▶ **EXTRACTED ENTRIES**:
=== Section Start ===

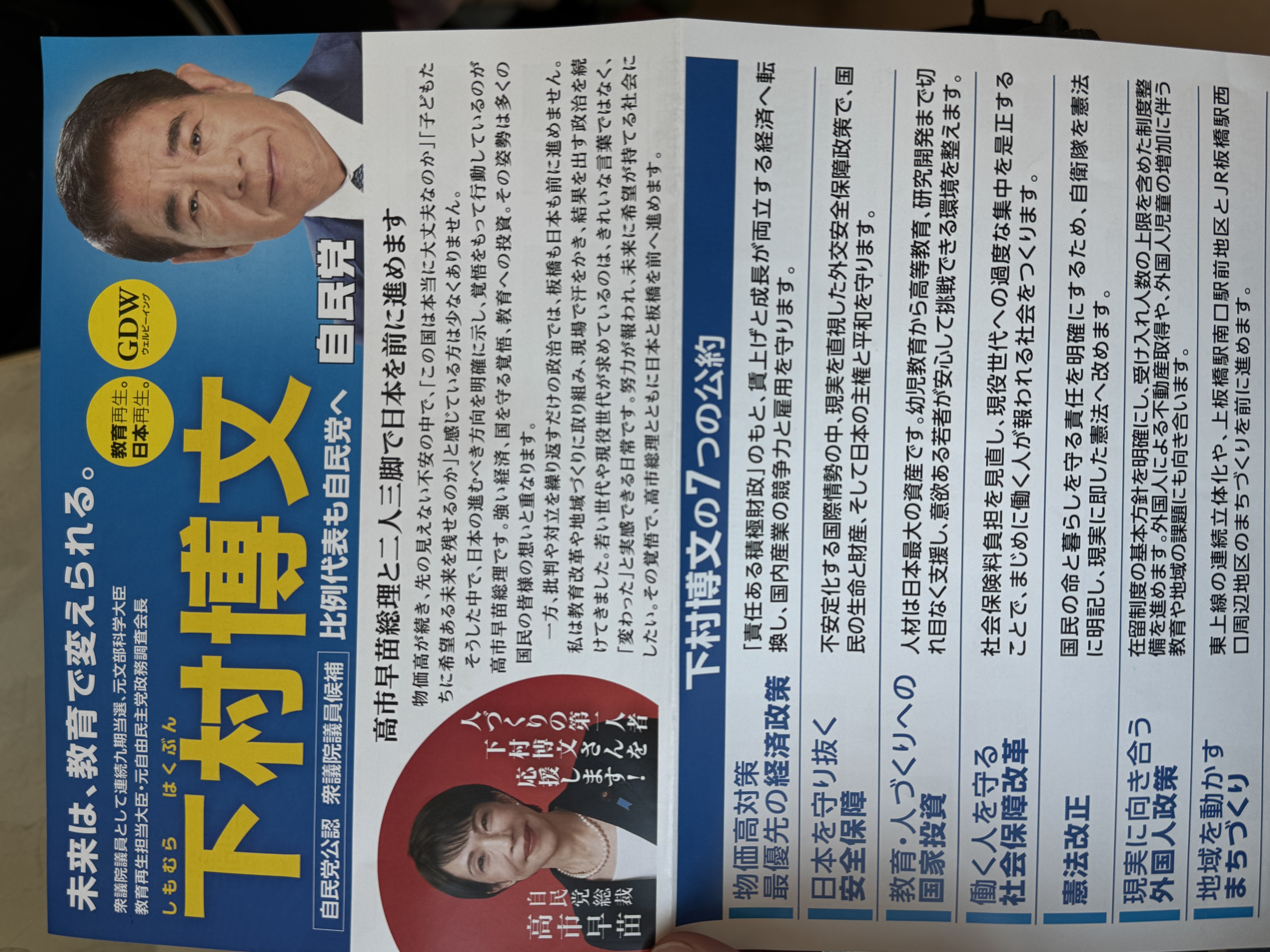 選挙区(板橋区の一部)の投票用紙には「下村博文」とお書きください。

=== Section End ===
=== Section Start ===

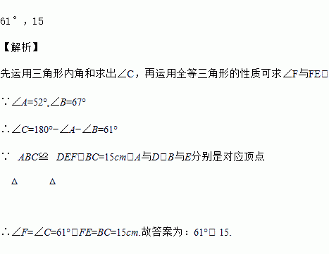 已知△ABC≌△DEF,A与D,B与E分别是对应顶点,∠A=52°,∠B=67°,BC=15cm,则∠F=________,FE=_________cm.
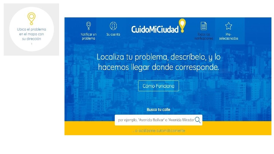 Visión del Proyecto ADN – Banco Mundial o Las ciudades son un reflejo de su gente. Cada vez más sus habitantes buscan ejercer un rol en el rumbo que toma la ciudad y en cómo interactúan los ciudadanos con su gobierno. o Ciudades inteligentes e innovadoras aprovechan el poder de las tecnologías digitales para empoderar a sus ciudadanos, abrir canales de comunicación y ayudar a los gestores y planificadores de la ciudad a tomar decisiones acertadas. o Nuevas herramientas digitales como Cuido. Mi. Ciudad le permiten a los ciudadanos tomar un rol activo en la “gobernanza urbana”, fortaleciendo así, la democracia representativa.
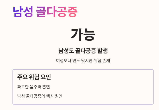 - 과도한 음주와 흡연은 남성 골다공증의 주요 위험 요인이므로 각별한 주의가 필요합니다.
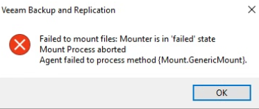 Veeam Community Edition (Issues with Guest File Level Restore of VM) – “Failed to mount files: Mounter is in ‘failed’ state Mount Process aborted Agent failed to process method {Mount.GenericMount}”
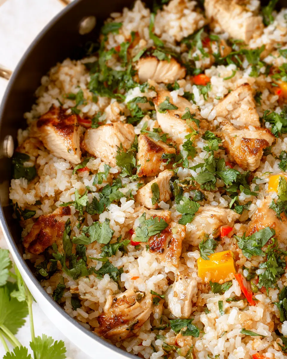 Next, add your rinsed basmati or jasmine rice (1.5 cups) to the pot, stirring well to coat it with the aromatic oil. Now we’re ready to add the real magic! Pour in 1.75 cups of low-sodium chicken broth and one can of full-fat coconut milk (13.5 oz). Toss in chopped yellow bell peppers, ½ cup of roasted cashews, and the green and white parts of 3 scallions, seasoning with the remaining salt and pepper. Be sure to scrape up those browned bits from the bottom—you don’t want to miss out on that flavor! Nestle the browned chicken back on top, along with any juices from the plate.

=== Section End ===

▶ **TASK OBJECTIVE**: Once the line with "已知△ABC≌△DEF,A与" is found above, print it and every line after it through the line with "Veeam Community Edition", exactly. Pictures stay out.

▶ **RESULT**:
 已知△ABC≌△DEF,A与D,B与E分别是对应顶点,∠A=52°,∠B=67°,BC=15cm,则∠F=________,FE=_________cm.
 Visión del Proyecto ADN – Banco Mundial o Las ciudades son un reflejo de su gente. Cada vez más sus habitantes buscan ejercer un rol en el rumbo que toma la ciudad y en cómo interactúan los ciudadanos con su gobierno. o Ciudades inteligentes e innovadoras aprovechan el poder de las tecnologías digitales para empoderar a sus ciudadanos, abrir canales de comunicación y ayudar a los gestores y planificadores de la ciudad a tomar decisiones acertadas. o Nuevas herramientas digitales como Cuido. Mi. Ciudad le permiten a los ciudadanos tomar un rol activo en la “gobernanza urbana”, fortaleciendo así, la democracia representativa.
 - 과도한 음주와 흡연은 남성 골다공증의 주요 위험 요인이므로 각별한 주의가 필요합니다.
 Veeam Community Edition (Issues with Guest File Level Restore of VM) – “Failed to mount files: Mounter is in ‘failed’ state Mount Process aborted Agent failed to process method {Mount.GenericMount}”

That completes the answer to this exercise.